NASHUA — A Florida man was sentenced this week in federal court for his involvement in a widespread scheme to steal customers’ debit and credit card account numbers and personal information from gas stations across New England.
Among the targeted locations was a gas station in Nashua.
Luis Angel Naranjo Rodriguez, 32, of Hialeah, Florida, received a five-year prison sentence followed by three years of supervised release from U.S. District Court Judge Richard G. Stearns.
Naranjo Rodriguez was also ordered to pay $21,267 in restitution to the victims of the scheme.
The fraudulent operation involved the covert installation of card skimming devices at gas pumps in New Hampshire and other New England states.
These devices were designed to clandestinely transmit stolen account information to Naranjo Rodriguez’s mobile phone, shortly after customers used their cards to make gas purchases at the compromised pumps.

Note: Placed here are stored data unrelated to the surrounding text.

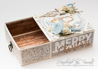 Today I’m sharing with you a gift box made with my favourite stamps and embellishments. For this gift box I used Ice Tilda from Aspen Holidays collection. I coloured the image using Distress ink pads.
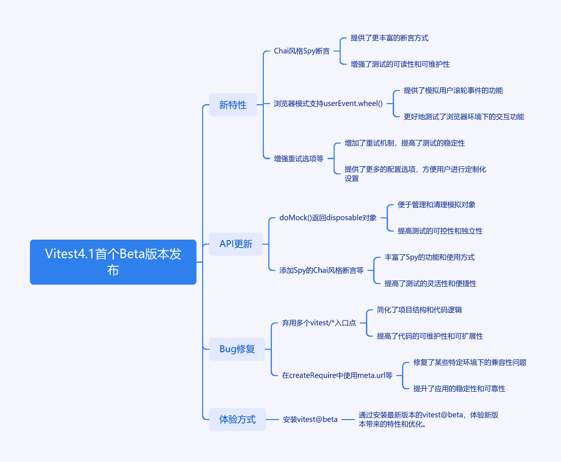 2026 年 1 月 24 日,Vitest 4.1 首个 Beta 版本发布。新特性包括 Chai 风格的 Spy 断言、浏览器模式支持 userEvent.wheel()、针对不稳定测试的增强重试选项、doMock() 返回 Disposable 对象、遵循覆盖率的 ignore start/stop 提示等。API 有多项更新,如 doMock() 返回 disposable 对象、添加 Spy 的 Chai 风格断言等。同时修复了多个 Bug,像弃用多个 vitest/* 入口点、在 createRequire 中使用 meta.url 等。可安装 vitest@beta 立即体验。
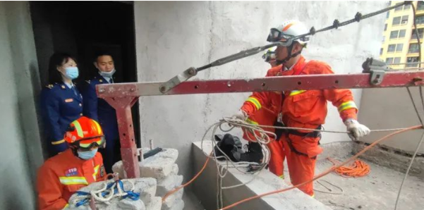 “師傅,千萬不要亂動,保持情緒穩定,我們馬上來救你們!”消防指揮員一邊通過喊話,安撫被困工人,一邊令人攜帶救生繩索和防墜落部件等救生器材,進入建筑物內展開救援。

Card skimmers linked to Naranjo Rodriguez’s mobile phone were discovered at 11 different gas stations, including one in Nashua, New Hampshire, along with Lynnfield, Concord, Malden, Taunton, Randolph, and Raynham in Massachusetts, as well as Portland, Maine, and Willington, Connecticut.
From April to November 2019, Naranjo Rodriguez frequently traveled from Florida to Massachusetts to maintain the network of card skimmers.
Throughout the scheme, his mobile phone received over 4,800 text messages containing stolen debit and credit card account numbers.
Many of these messages also contained the names and Personal Identification Numbers of the account holders.
Using the account information he had obtained, Naranjo Rodriguez cloned victims’ accounts onto gift cards and other prepaid cards.
He then proceeded to exploit the stolen funds through various means, including making ATM withdrawals, purchasing high-value consumer goods for resale in secondary markets, and requesting cash back on debit card transactions.
Naranjo Rodriguez’s illicit activities were captured on security cameras on November 16, 2019, at a gas station in Framingham and a CVS store, where he used four cloned cards to withdraw money from victims’ bank accounts at ATMs.
Later that same night, he was apprehended tampering with a fuel pump at the Concord Rotary Gulf gas station.
Authorities found four cloned cards from the earlier ATM withdrawals, as well as fuel pump keys, black latex gloves, four card skimming devices, and the mobile phone that had been receiving the text messages with stolen credit and debit card account numbers.